Cairo - For years, President Bashar Al-Assad has nurtured a reputation as a leader in a region full of aging of autocrats young and looking to the future, a man who could still reform repressive police state, he inherited from his fathergiven the time and opportunity.
The country of the worsening of the crisis - a bloody battle between police and demonstrators which is closely monitored throughout the world - would seem to be a chance to stave off violence with restraint or even bold reforms, never had a path of his father. But as dead frames and alarming disappearance of dissident figures increase, time seems to be missing. International pressure is growing, and is therefore the indignation has inspired its violent repression.
Mr. Al-Assad could still succeed to quell unrest, diplomats and analysts say. But to do this, it would have to realize the hopes once placed in him when he inherited the power of his father 11 years and to cope with his own family, which controls the Syria brutal security apparatus and seems to be intensely for continued repression. At least 120 people were killed since Friday, the bloodiest day of the insurgency in five weeks.
In the past two days, the mixed signals have emerged on what path he will take. On the one hand, Mr. Assad alluded to a willingness to adopt greater reforms that those announced last week, when it lifted officially entitled the Syria draconian emergency powers. But there has been dark warnings more severe repression as well. In the notoriously opaque political environment of the Syria, it is impossible to say how the President is supported.
"This is the moment of truth for Bashar al-Assad," said Jean-Pierre Filiu, visiting professor at Columbia University who has written extensively on the Syria. "It potentially has the ability to impose reforms on his own Baath party, but he has the will to do so."
The consequences of his decision could be memorable, perhaps more so than in any other revolts yet seen in the Middle East. The Egypt and the Tunisia, the Syria is houses a defensive checkerboard religious and ethnic minorities and many fear that the end of 40 years of the Assad family dynasty could free murders brutal revenge, and the struggles for power. Chaos could easily spill over to the borders of the Syria, to the nearby Lebanon and beyond.
The administration of Obama already accused Iran to help support Mr. Assad. If the Syria fell, it would mark a striking setback to the theocratic regime in Tehran, which has depended on the Syria for its influence in the Israeli-Palestinian conflict and elsewhere. Yet fatality of the Iran - Israel, the United States and Saudi Arabia - are also deeply disturbed by the prospect of a change of regime in Syria, which could trigger a messy Iraq-style civil conflict.
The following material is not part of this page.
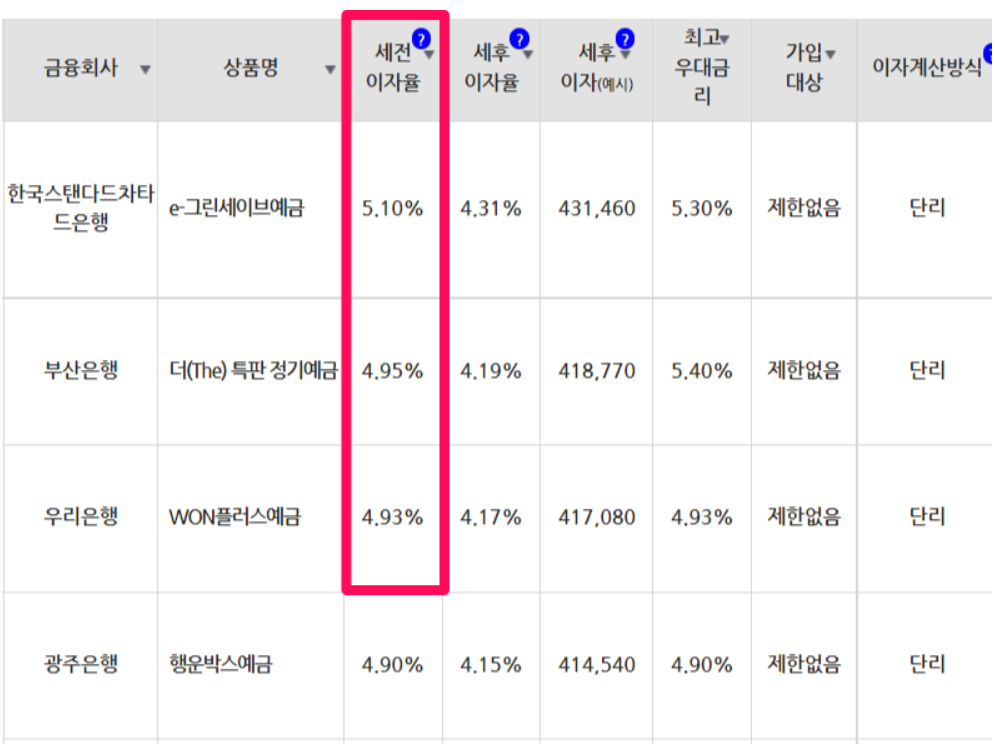 우대 금리가 높은 은행은 최고 정기 예금 금리가 높습니다. 우대 조건에 따라 유리한 상황이 될 수도 있으니 조건을 천천히 살펴보시는 것이 중요합니다.
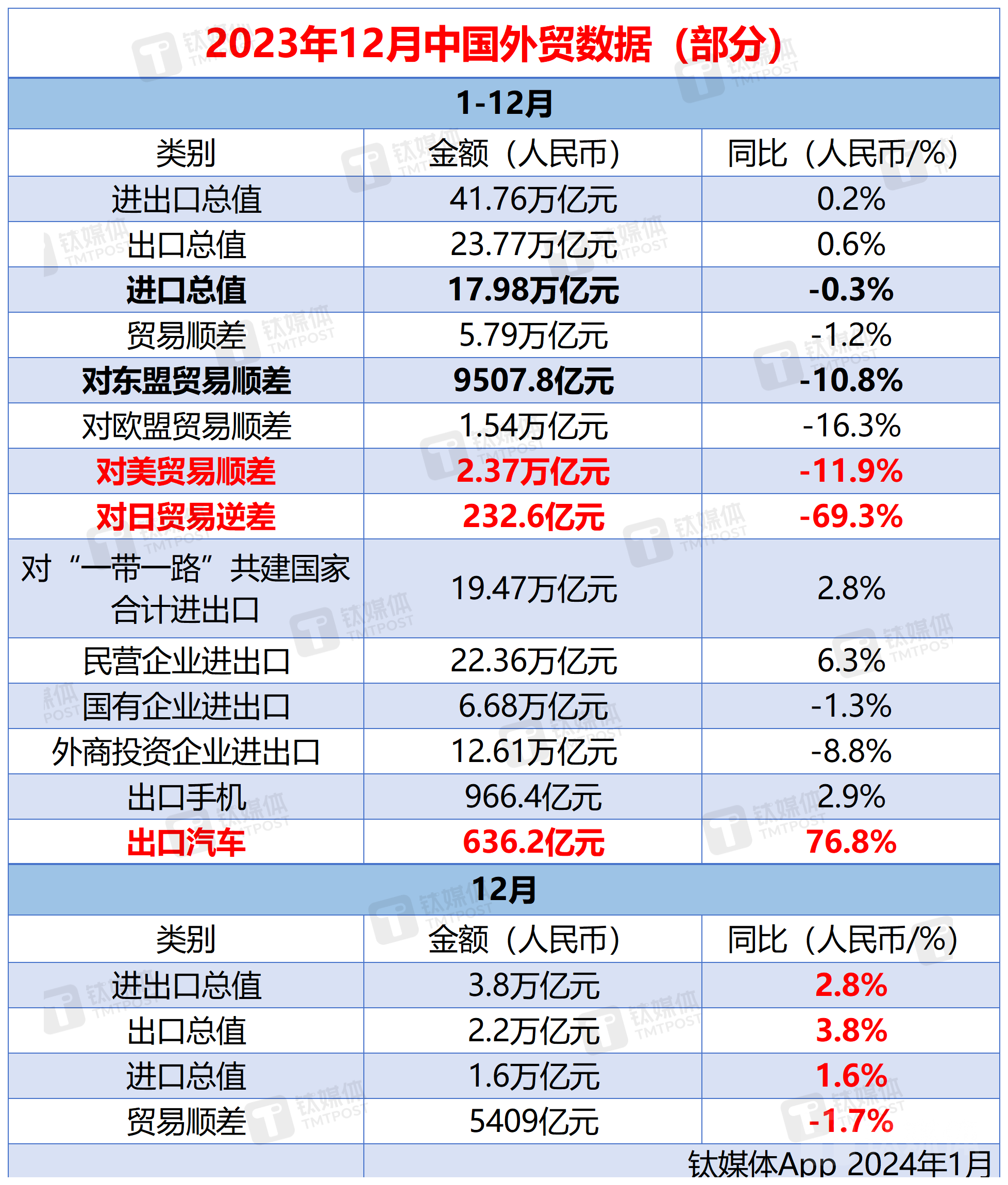 2023年外贸数据重点速览:进出口总值同比增长0.2%,出口汽车增长76.8%

Even if Mr. Assad survives, unrest is likely to have profound implications for the Middle East policy, say some analysts. "Our policy Syria together for two and a half years has been based on getting the Syria and Israel return to the peace table," said Andrew Tabler, an analyst with the Washington Institute for Near East Policy. "Now that Bashar accused Israel and the United States of plotting this challenge for him, it will be even more difficult for him to do so."
In a sense, the crisis is now Mr. Assad is the same as that defined his years in power: again and again, he inspired hopes, both at home and abroad, only to disappoint the. Western leaders courted him, in the hope it democratise his country, to make peace with Israel, and stop supporting militant groups Hamas and Hezbollah. Syrian Liberals saw a brief "Damascus Spring" of greater openness after his accession to the throne, but she soon disappeared. His personal style has helped promote these illusions. Unlike his father stern, Hafez Al-Assad, who took power in a coup in 1970, Bashar al-Assad seems calm and almost meek. He had studied ophthalmology in London and had an elegant woman, British-born. He is fluent in English and French and bed widely.
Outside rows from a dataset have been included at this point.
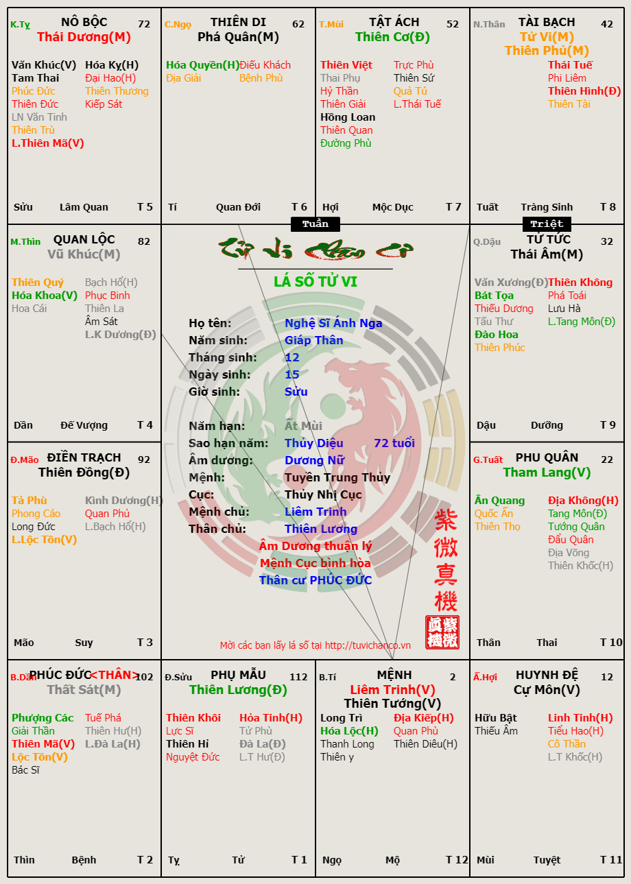 Lá Số Tử Vi - Nghệ Sĩ Ánh Nga
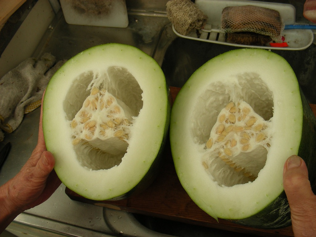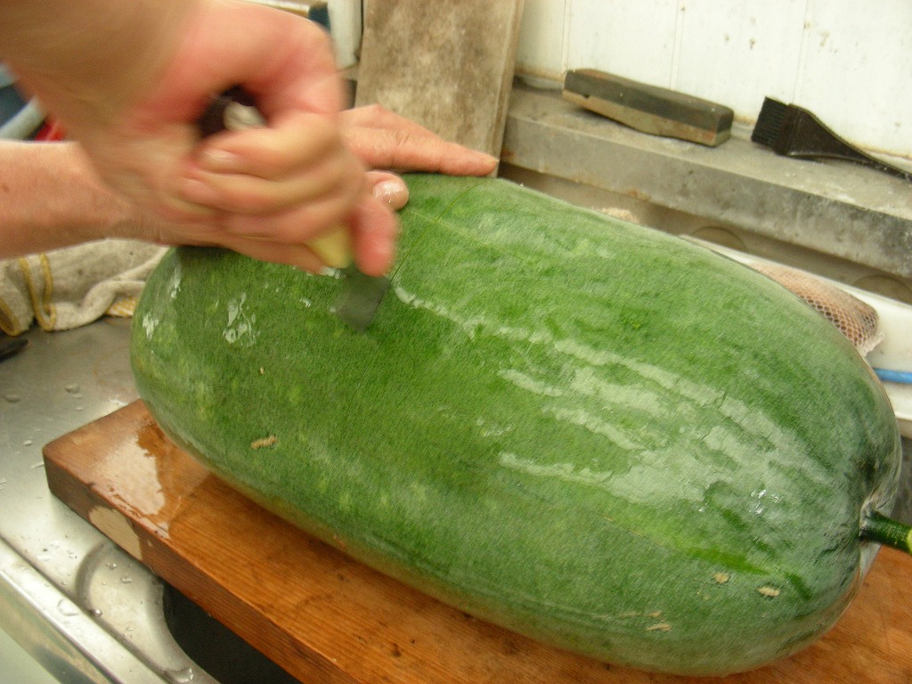 冬瓜は沖縄の夏野菜らしいのですが、収穫したあとも、そのまま冬まで保管が利くことが名前の由来だそうです。茎や葉、そして実は痛いほど鋭い毛で覆われていて、これをタワシでこすり落とすらしいのですが、収穫したものは毛が枯れてツルツルでした。この状態だと熟れすぎらしいです。
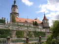 Zámek na místě starší tvrze byl zahrnut při založení do opevnění města, je však od města oddělen výrazným příkopem. Byl rozšířen během 16. století a barokně přestavěn v letech 1655-1661 podle plánů Carla Luraga. V letech 1909-1913 byl upraven podle plánů Dušana Jurkoviče pro průmyslníka Cyrila Bartoně z Dobenína. Jurkovič navrhl také originální zámeckou zahradu s dřevěnými stavbami. Zámek tvoří čtyřúhelník kolem nepravidelného dvora se středověkou kulatou věží v severním nároží a renesančními malbami a sgrafity ve dvoře. Hlavní vchod je ve směru od náměstí a tvoří jej most přes příkop a kamenný barokní portál. Před zámekm je pět soch trpaslíků od M. B. Brauna z let kolem 1720, které sem byly přeneseny z Benátek nad Jizerou v roce 1913. V zámku je řada pozoruhodných prostor s barokní štukovou i moderní výzdobou (Pavel Janák, František Kysela). Na severozápad od zámku je terasová zámecká zahrada italského stylu s dřevěnými stavbami D. Jurkoviče, které byly nedávno obnoveny. Severně od zámku, směrem k bývalé bráně, je budova bývalého pivovaru.[1]

Even until in recent weeks, "there was a tendency to see as distinct from the regime, he could take his role," said an analyst based in the Syria, who spoke the condition of anonymity. But this patience seems to have made financial demands for reform were transformed into requests to terminate the Assad Government, something of far.
As other autocrats, Mr. Assad may be amortized the reality of the uprising; The Syrian State media have portrayed it as the work of agents provocateurs from Israel, Saudi Arabia and even the Lebanon. Some diplomats who know personally say they believe Mr. Assad understands what is happening - and what to do to stop it - but is too hesitant or too timid, to pay.